Assignment — In the records below, find the line with "看護大学では平成18年(20", then copy each line exactly until you have copied the line with "Yiner 라이트 옐로우 여성 긴팔 원피스 - POIZON". Leave any picture out.

Records from a collection:
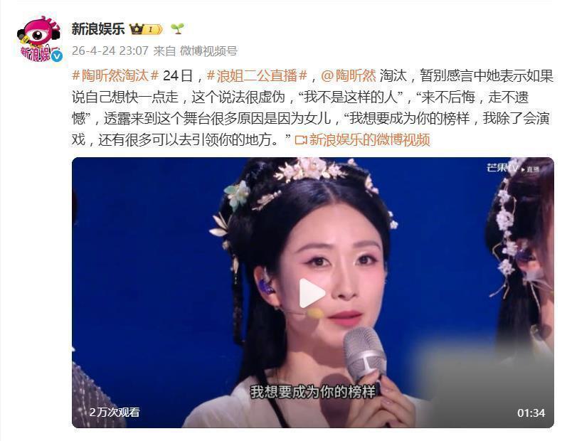 据 4 月 24 日晚间报道,《乘风 2026》二公的淘汰名单一出,陶昕然的名字赫然在列。这位凭借 " 安陵容 " 一角深入人心的女演员,在古风舞台《冷夜》中水袖独舞、戏腔婉转,被观众盛赞 " 天选古人 ",甚至有人感叹 " 眼神戏梦回安陵容 "。然而,舞台零失误、团队总票数全场第二的成绩,并没能帮她留住席位——个人喜爱度仅 27 票,12 名待定选手里垫底出局。
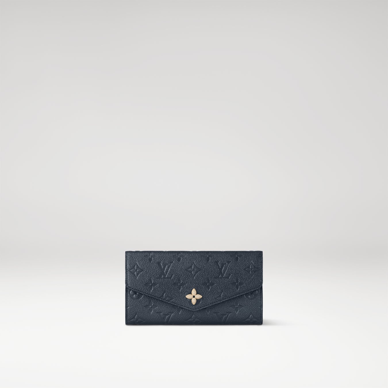 「ポルトフォイユ・サラ NM」は、ギフトにもぴったりのアイテムです。エンヴェロップスタイルに、ストラスを散りばめたモノグラム・フラワー モチーフのスナップボタンで彩りを添えました。内側には、複数のポケット、コンパートメント、カードスロットを備えています。
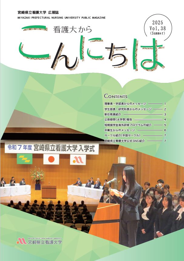 看護大学では平成18年(2006年)から、「看護大からこんにちは」という大学広報誌を年2回発行しています。学内でのトピックスや、地域のみなさんも参加するイベント、大学施設のご案内、卒業生の近況など、多彩な内容を盛り込んでいます。
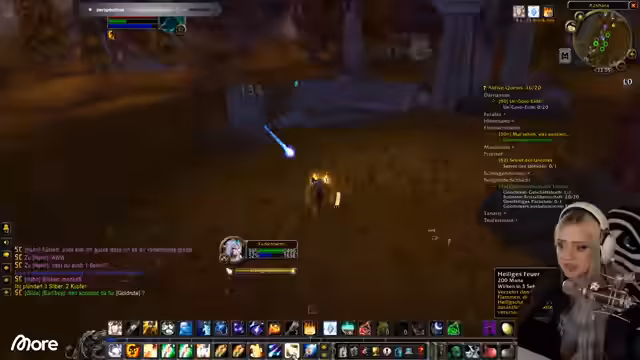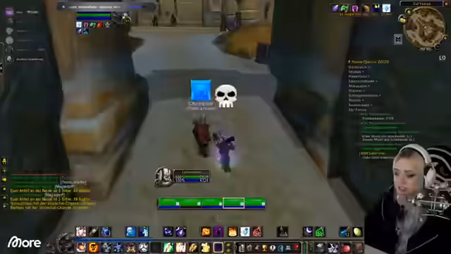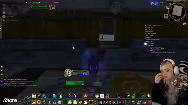 01:05:10Der Stream schwenkt zurück zum Gameplay in World of Warcraft. Der Fokus liegt darauf, das Level von 51 auf 52 zu steigern. Dies erfordert das Finden und Töten von Gegnern in den westlichen Pestländern, um XP zu sammeln. Parallel dazu wird der Frust über das fehlende Gegenstand 'Sekret des Untodes' für eine Quest geteilt, den man nur mit geringer Wahrscheinlichkeit droppen kann.
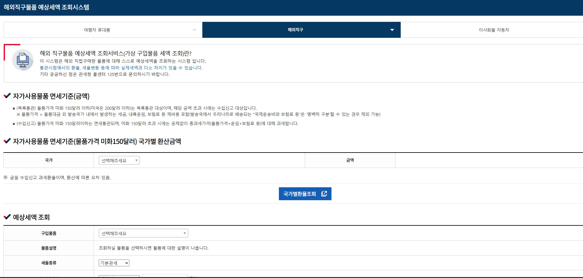 관세청 제공 관부가세 예상세액 조회 시스템
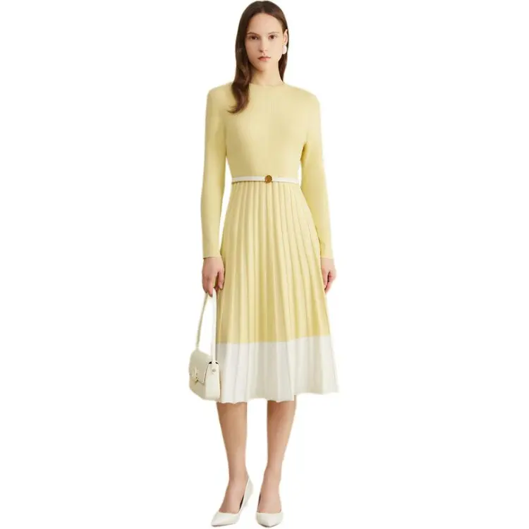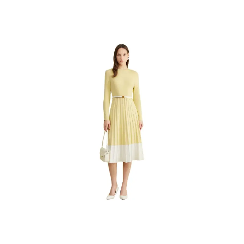 Yiner 라이트 옐로우 여성 긴팔 원피스 - POIZON
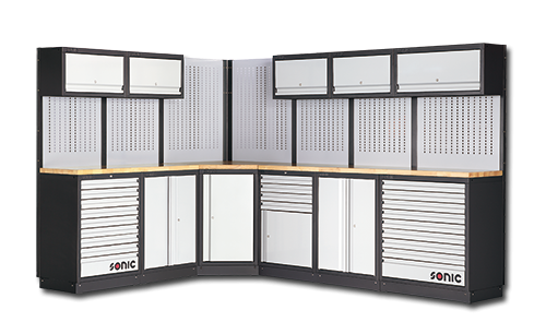 Shop our Modular Storage Systems to maximize workflow, featuring 22 total drawers, over head cuboards, 3 storage cabinets, and corner cabinets
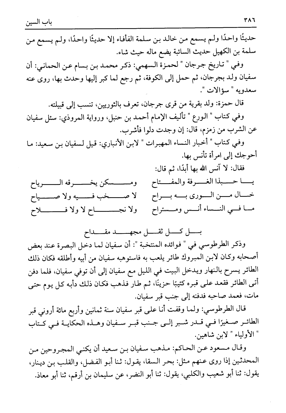 وفي "تاريخ جرجان" لحمزة السهمي: ذكر محمد بن بسام عن الحماني: أن سفيان ولد بجرجان، ثم حمل إلى الكوفة، ثم رجع لما كبر إليها وحدث بها، روى عنه سعدويه "سؤالات".
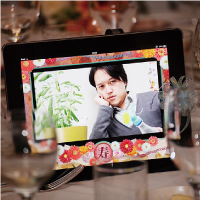 たとえば、「中学校友人」のテーブルのタブレットには、中学時代の思い出の写真を表示させる、といったように、タブレットごとに別々の写真を2点まで取り込むことができます。
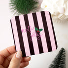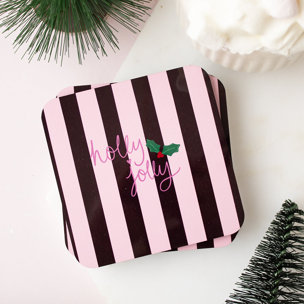Festive striped Christmas coaster featuring the cheerful phrase “Holly Jolly”, perfect for adding a touch of seasonal charm to your holiday table
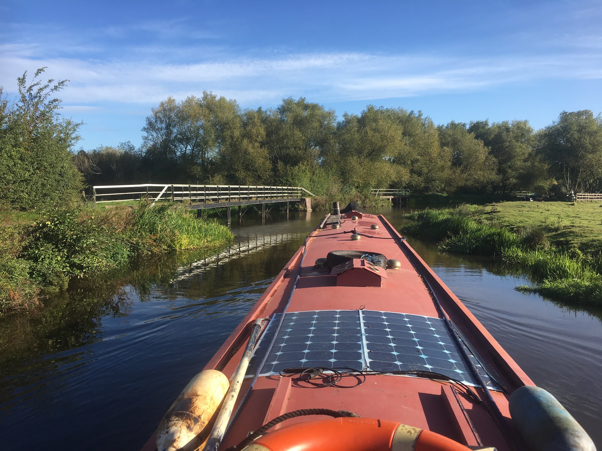 After taking on water before the river lock, we passed across the River Trent above the weir, following NB Delhi, and enjoyed the scenic side bridges and weirs across the water meadows to Wychnor. Our friend Jan had walked from Alrewas and took photos of Annie as we moved through the riverine channel.
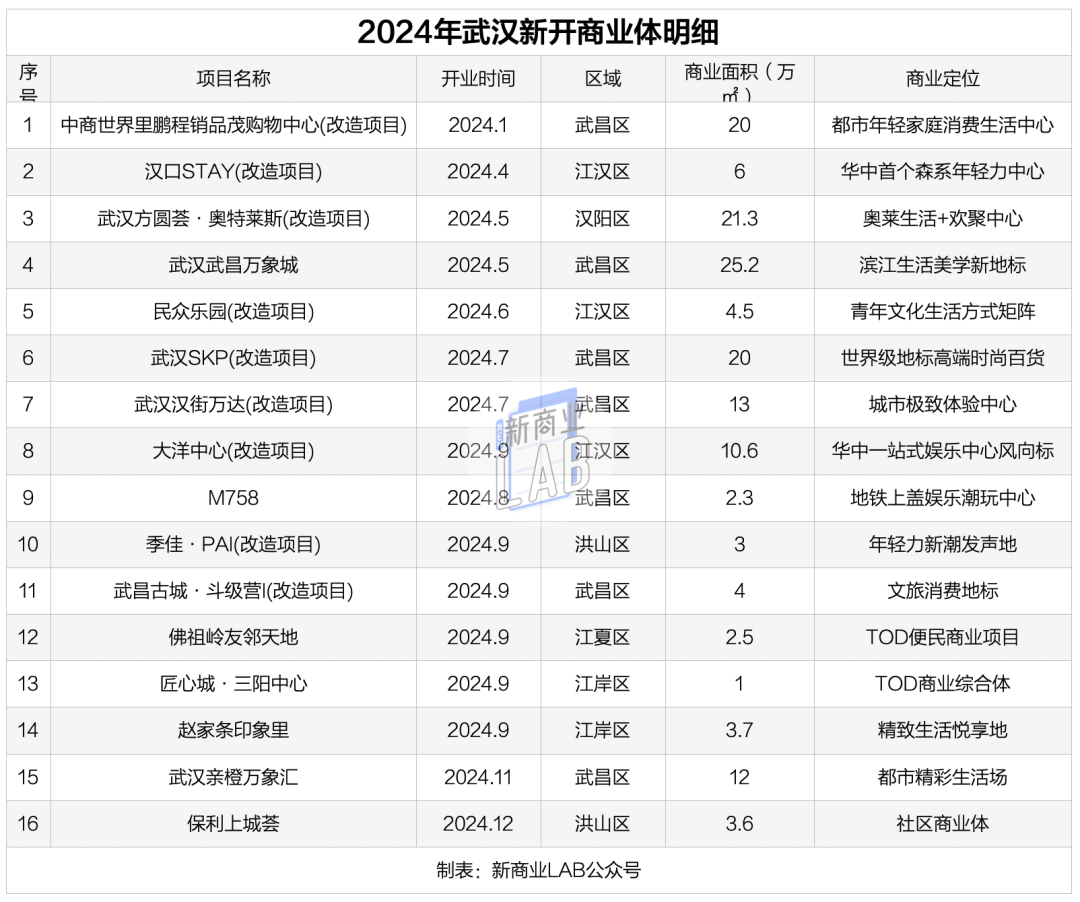 據(jù)「新商業(yè)LAB」不完全統(tǒng)計(jì),武漢在2024年共迎來16個(gè)新開(含改造)商業(yè)項(xiàng)目。
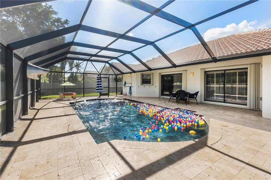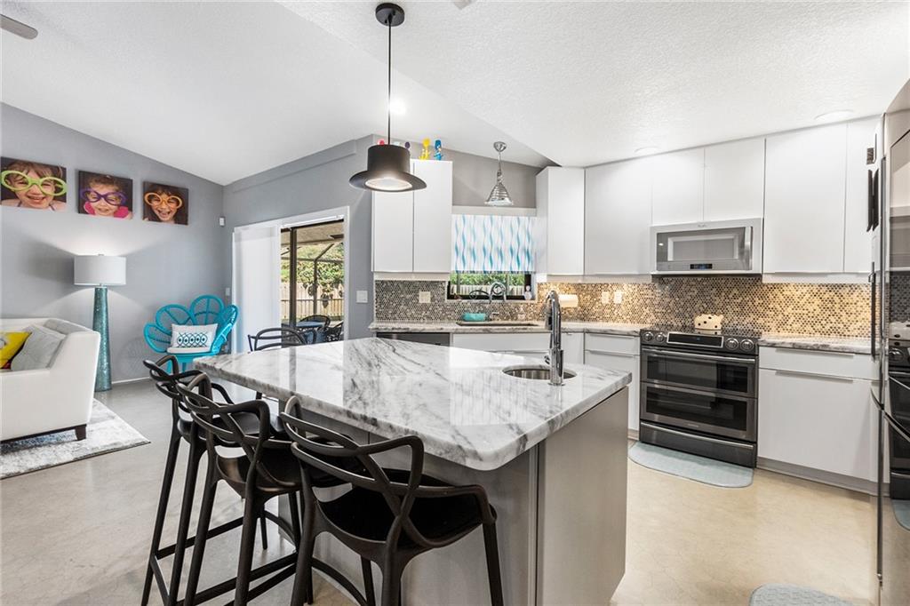 Move in ready!Completely remodeled modern home. Polished concrete floors, new white kitchen with quartzite countertops. Brand new graphite appliances with smart refrigerator. Designer bathroom finishes. Plantation shutters and custom solar shades. Impact etched front door and accordion hurricane shutters throughout. Completely refinished & remodeled pool with fountains and beach step with umbrella stand built in. Travertine decking with new screened enclosure. A/C less then 2 yrs old. Inside laundry room! Community features a pool, tennis courts, pickle ball courts and access to the Ridge! Top school district! Centrally located with easy access to major highways.
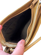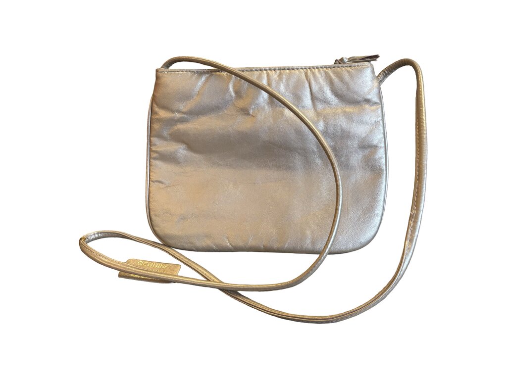 Stylish gold crossbody handbag with zip closure and adjustable strap, perfect for day or night outings.
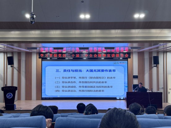 吴云韬以“推动和构建新时代的大国关系格局”为题,从国际格局深刻调整、呼唤大国协调合作、大国尤其要作表率、构建大国关系格局4个方面深入剖析了新时代的大国关系格局。他强调,全院师生要持续深入学习贯彻党的二十届三中全会精神,把学习贯彻全会精神与习近平总书记关于新型国际关系的系列重要论述紧密结合起来,自觉把学习成效转化为增强“四个意识”、坚定“四个自信”、做到“两个维护”的具体行动,以更加强烈的使命意识和担当精神,努力在构建相互尊重、公平正义、合作共赢的新型国际关系的伟大征程中走在前、作表率。
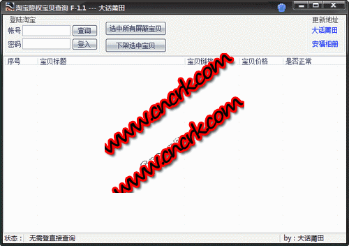 大话淘宝屏蔽降权查询软件 V1.5 简体中文绿色免费版 淘宝宝贝屏蔽查询软件,淘宝自上次更新以来,规则变化已不再是时间到期下架卖家宝贝,而是屏蔽宝贝在淘宝上的搜索显示。
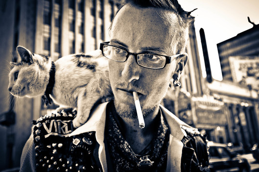 - Howdy! Thank you very much for selecting my photo, and I am honored! My name is Kelly O'Brien and I am an Austin, Texas native living in Los Angeles. This photo was shot with a Nikon D7000 and edited with Adobe Lightroom. I happened to be walking to an event near Hollywood Blvd, when I spotted this interesting character. More so, he had a cat on his shoulder! I had my camera on me, and really wanted to take his photo, but I didn't know how he would react. He approached me and asked me for a cigarette, and I saw this as a good opportunity and seized it -- told him I would give him one in exchange for allowing me to take photos of him. Told him not to pose or look at the camera, and got a few shots! It was a great moment of spontaniety, and I post-processed it in such a way to add more grit and grunge to the photo to reflect the personality and beingness of the subject.
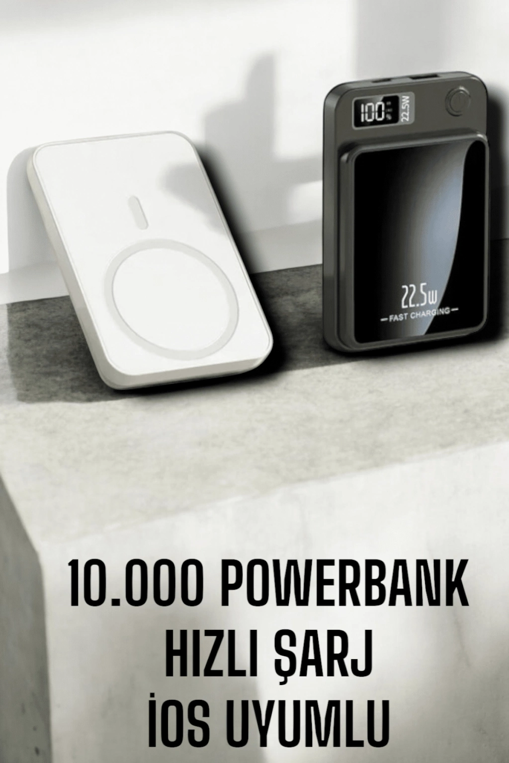 Her An Şarj, Her Yerde Güç!iOS uyumlu dijital göstergeli bu powerbank, 22.5W hızlı şarj kapasitesi ve 10.000 mAh bataryası ile telefonunuzu veya diğer cihazlarınızı şarj ederken sizi asla yarı yolda bırakmaz. Kablosuz Magsafe özelliği sayesinde kablo karmaşasından kurtulun. Minimal ve ergonomik tasarımı sayesinde seyahatlerinizde veya günlük yaşamınızda mükemmel bir yardımcıdır.
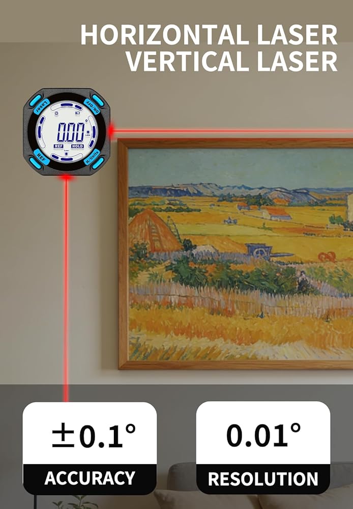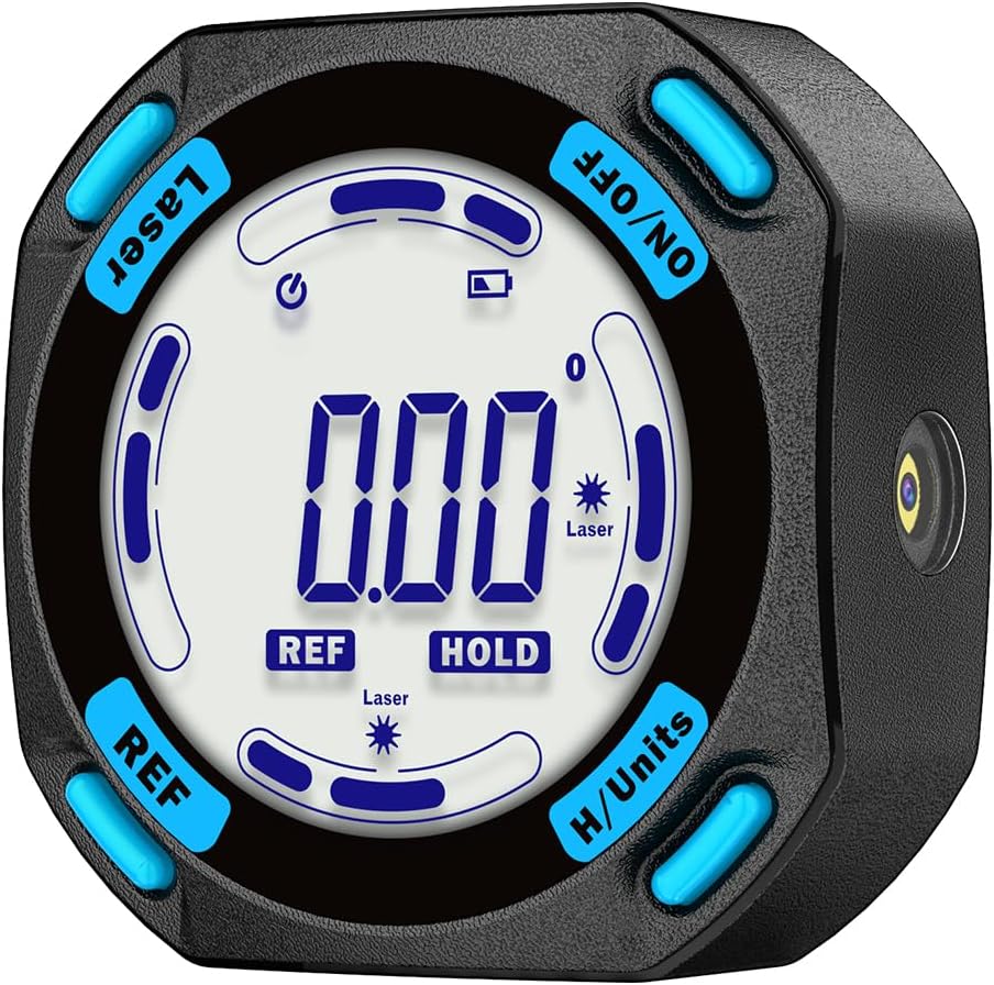 MULTIPLE USES — This tool has the functions of digital level, angle finder and laser lines(Class II, Output<1mW). Visible measurement value avoids staring at the bubbles in the traditional tube and quickly obtains the level status. Two built-in laser liners are convenient and effective to carry out the horizontal and symmetrical work of home decoration. The REF button can effectively realize absolute or relative angle measurement.
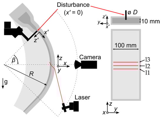 Stable wave structures were generated by an artificial disturbance at the nozzle outlet. This disturbance was a metal cylinder with different diameters D (1.2, 2, 3 mm). The penetration depth of the cylinder into the water could be varied by a linear stage. A camera (“Basler ac2040-55uc” camera [18] and “KOWA LM16JC3M2” objective [19]), placed as depicted in Figure 4 with a back wall distance of 213 mm, was used to observe the wake structures with an exposure time of 1 s. To measure the layer thickness, a laser line was projected in the camera’s field of view. The camera observed three reflected lines from the channel outside wall (l1), the channel floor (l2) and the water surface (l3). Figure 4 shows the arrangement of the disturbance, the camera and the laser, as well as the view on the channel back wall with the three reflected lines. To measure the height profile at different positions, the camera and laser could be moved by keeping a constant distance to the back wall. The relative position of the laser and camera remained constant. The measured circumferential positions were β = 35°, 40°, 45° and 50° downstream of the nozzle. The vertical channel position corresponded to β = 45°.

Written answer —
 看護大学では平成18年(2006年)から、「看護大からこんにちは」という大学広報誌を年2回発行しています。学内でのトピックスや、地域のみなさんも参加するイベント、大学施設のご案内、卒業生の近況など、多彩な内容を盛り込んでいます。
 01:05:10Der Stream schwenkt zurück zum Gameplay in World of Warcraft. Der Fokus liegt darauf, das Level von 51 auf 52 zu steigern. Dies erfordert das Finden und Töten von Gegnern in den westlichen Pestländern, um XP zu sammeln. Parallel dazu wird der Frust über das fehlende Gegenstand 'Sekret des Untodes' für eine Quest geteilt, den man nur mit geringer Wahrscheinlichkeit droppen kann.
 관세청 제공 관부가세 예상세액 조회 시스템
 Yiner 라이트 옐로우 여성 긴팔 원피스 - POIZON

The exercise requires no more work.